Data records:
Segment Open

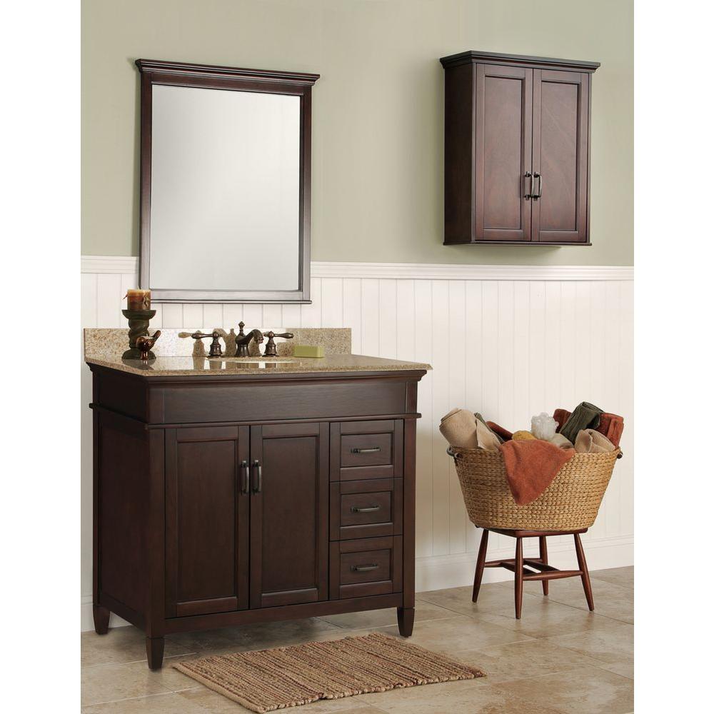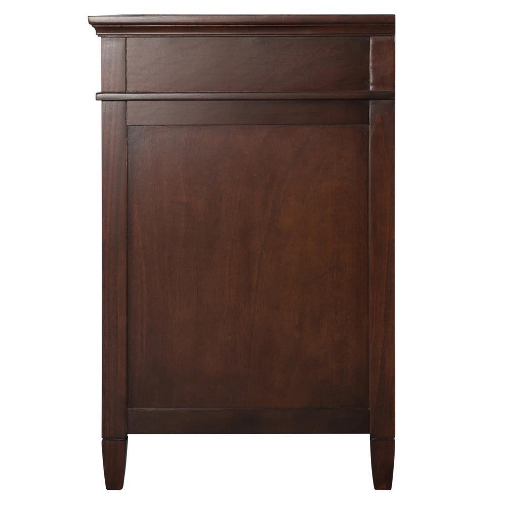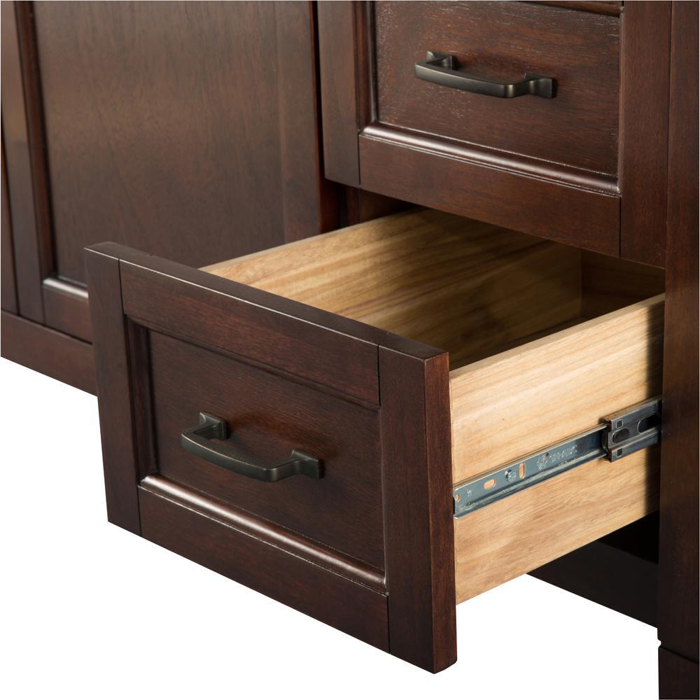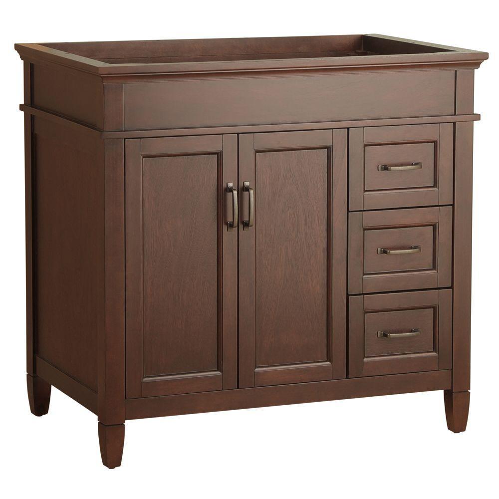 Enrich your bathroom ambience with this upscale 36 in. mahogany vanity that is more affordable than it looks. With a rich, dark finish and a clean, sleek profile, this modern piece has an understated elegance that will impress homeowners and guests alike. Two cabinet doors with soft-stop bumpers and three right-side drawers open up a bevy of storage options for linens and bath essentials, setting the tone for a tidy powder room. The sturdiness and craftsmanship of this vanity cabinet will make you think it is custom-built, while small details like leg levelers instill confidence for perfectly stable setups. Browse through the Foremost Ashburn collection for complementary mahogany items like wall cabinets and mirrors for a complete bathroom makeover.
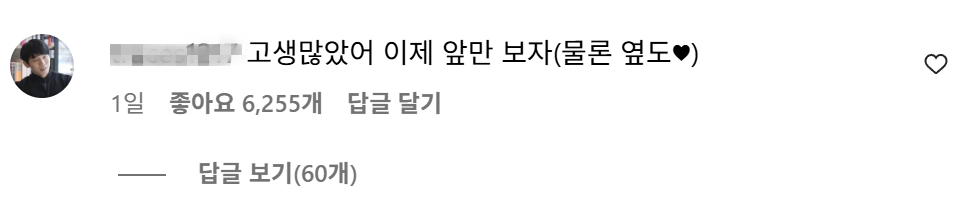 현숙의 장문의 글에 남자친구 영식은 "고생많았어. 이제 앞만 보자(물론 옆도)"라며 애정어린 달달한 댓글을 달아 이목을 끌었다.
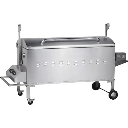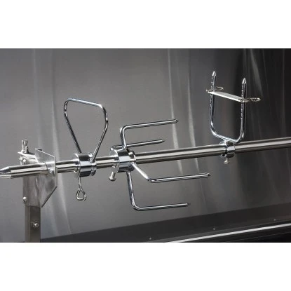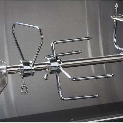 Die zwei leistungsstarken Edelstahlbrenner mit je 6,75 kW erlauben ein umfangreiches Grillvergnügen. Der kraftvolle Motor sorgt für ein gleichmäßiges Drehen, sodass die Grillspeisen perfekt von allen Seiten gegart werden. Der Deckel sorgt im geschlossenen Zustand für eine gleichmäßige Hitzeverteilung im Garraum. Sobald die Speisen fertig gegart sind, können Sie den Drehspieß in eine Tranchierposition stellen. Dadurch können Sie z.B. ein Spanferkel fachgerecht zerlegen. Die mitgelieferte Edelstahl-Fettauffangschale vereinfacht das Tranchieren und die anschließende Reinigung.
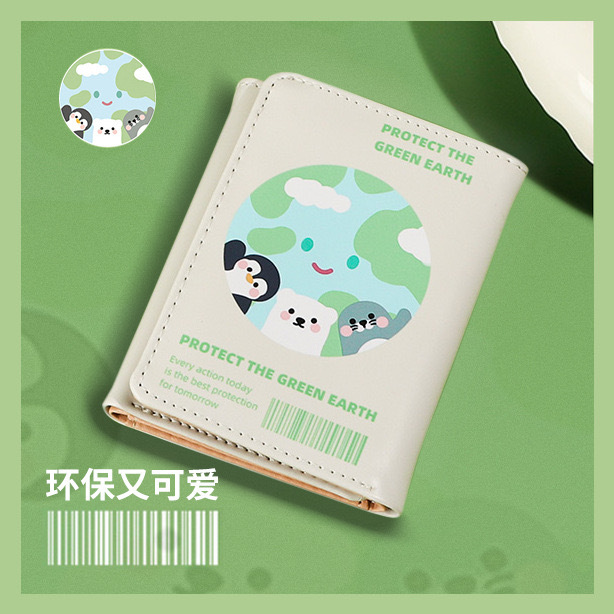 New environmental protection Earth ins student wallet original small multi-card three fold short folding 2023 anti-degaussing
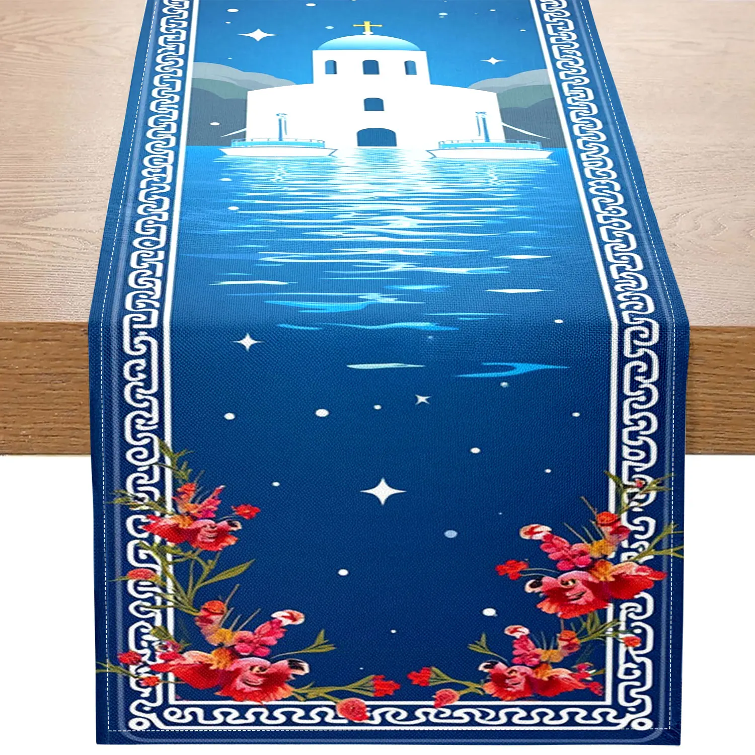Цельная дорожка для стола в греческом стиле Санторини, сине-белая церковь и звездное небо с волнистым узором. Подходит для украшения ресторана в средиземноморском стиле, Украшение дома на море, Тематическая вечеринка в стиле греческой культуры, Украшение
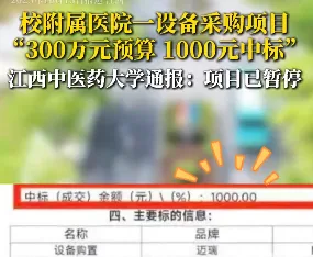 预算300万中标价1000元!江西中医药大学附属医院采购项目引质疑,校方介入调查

Segment Closed

Exercise requirements: Leave out every picture, and repeat word for word only the lines from the one holding "Цельная дорожка для" through the end of the entries above, both ends included.

Result for this exercise:
Цельная дорожка для стола в греческом стиле Санторини, сине-белая церковь и звездное небо с волнистым узором. Подходит для украшения ресторана в средиземноморском стиле, Украшение дома на море, Тематическая вечеринка в стиле греческой культуры, Украшение
 预算300万中标价1000元!江西中医药大学附属医院采购项目引质疑,校方介入调查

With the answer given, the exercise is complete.